Family Recreation, September 26

It is good and fitting for one to eat and drink, and to enjoy the good of all his labor in which he toils under the sun all the days of his life which God gives him: for it is his heritage.—Ecclesiastes 5:18.

There is a distinction between recreation and amusement. Recreation, when true to its name, re-creation, tends to strengthen and build up. Calling us aside from our ordinary cares and occupations, it affords refreshment for mind and body and thus enables us to return with new vigor to the earnest work of life.

Amusement, on the other hand, is sought for the sake of pleasure and is often carried to excess; it absorbs the energies that are required for useful work and thus proves a hindrance to life’s true success. . . .

Let us never lose sight of the fact that Jesus is a wellspring of joy. He does not delight in the misery of human beings, but loves to see them happy.

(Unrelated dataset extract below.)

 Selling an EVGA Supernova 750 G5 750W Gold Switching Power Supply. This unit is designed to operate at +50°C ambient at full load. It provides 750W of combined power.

Christians have many sources of happiness at their command, and they may tell with unerring accuracy what pleasures are lawful and right. They may enjoy such recreations as will not dissipate the mind or debase the soul, such as will not disappoint and leave a sad after-influence to destroy self-respect or bar the way to usefulness. If they can take Jesus with them and maintain a prayerful spirit, they are perfectly safe.

Any amusement in which you can engage asking the blessing of God upon it in faith will not be dangerous. But any amusement which disqualifies you for secret prayer, for devotion at the altar of prayer, or for taking part in the prayer meeting is not safe, but dangerous.

We are of that class who believe that it is our privilege every day of our lives to glorify God upon the earth, that we are not to live in this world merely for our own amusement, merely to please ourselves. We are here to benefit humanity and to be a blessing to society; and if we let our minds run in that low channel that many who are seeking only vanity and folly permit their minds to run in, how can we be a benefit to our race and generation? How can we be a blessing to society around us? We cannot innocently indulge in any amusement which will unfit us for the more faithful discharge of ordinary duties.—The Adventist Home, 512, 513.